**REQUIRED ACTION**
Pictures stay out of the copy; output exactly the lines from the one containing "Businessperson signing contract, partnership" through the end of the material.

**INFORMATION SHOWN**
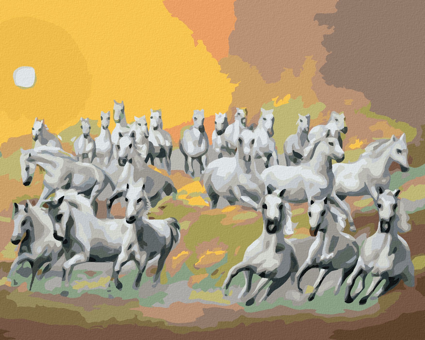 Malen nach Zahlen - WEISSE PFERDE IN DEN WOLKEN UND SONNE (D. RUSTY RUST)
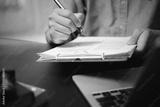 Businessperson signing contract, partnership agreement and Lawyer, broker or HR manager executive manager hand filling paper. business document signature for insurance or financial.
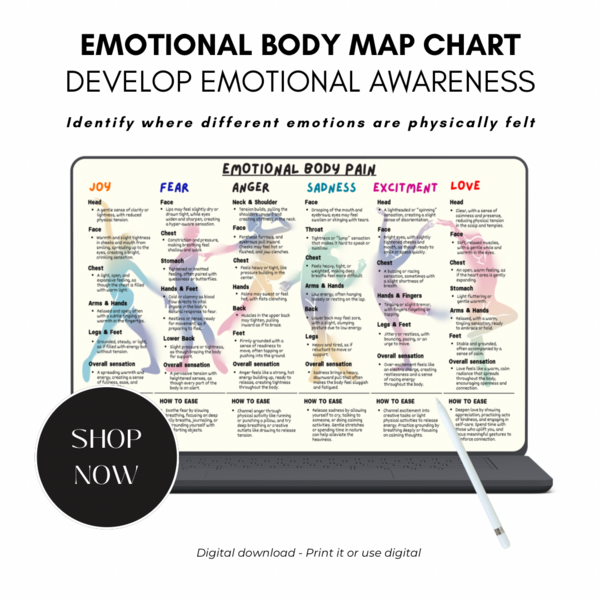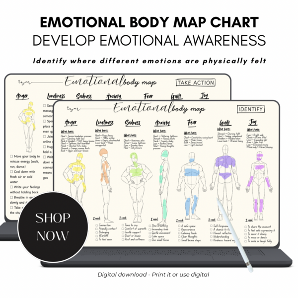 Emotional Body Map Chart: Self-Care Pain Relief Worksheets (Digital Download), Professional Use Allowed
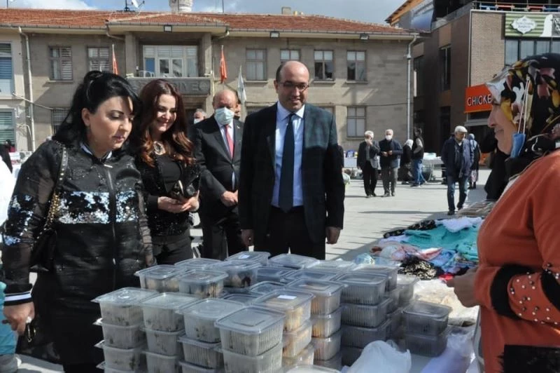 Afyonkarahisar Valisi Gökmen Çiçek’in eşi Sümeyra Çiçek, Sandıklı ilçesinde ‘Üreten Kadın Pazarı’nı ziyaret ederek, incelemelerde bulundu.

**EXERCISE RESPONSE**
 Businessperson signing contract, partnership agreement and Lawyer, broker or HR manager executive manager hand filling paper. business document signature for insurance or financial.
 Emotional Body Map Chart: Self-Care Pain Relief Worksheets (Digital Download), Professional Use Allowed
 Afyonkarahisar Valisi Gökmen Çiçek’in eşi Sümeyra Çiçek, Sandıklı ilçesinde ‘Üreten Kadın Pazarı’nı ziyaret ederek, incelemelerde bulundu.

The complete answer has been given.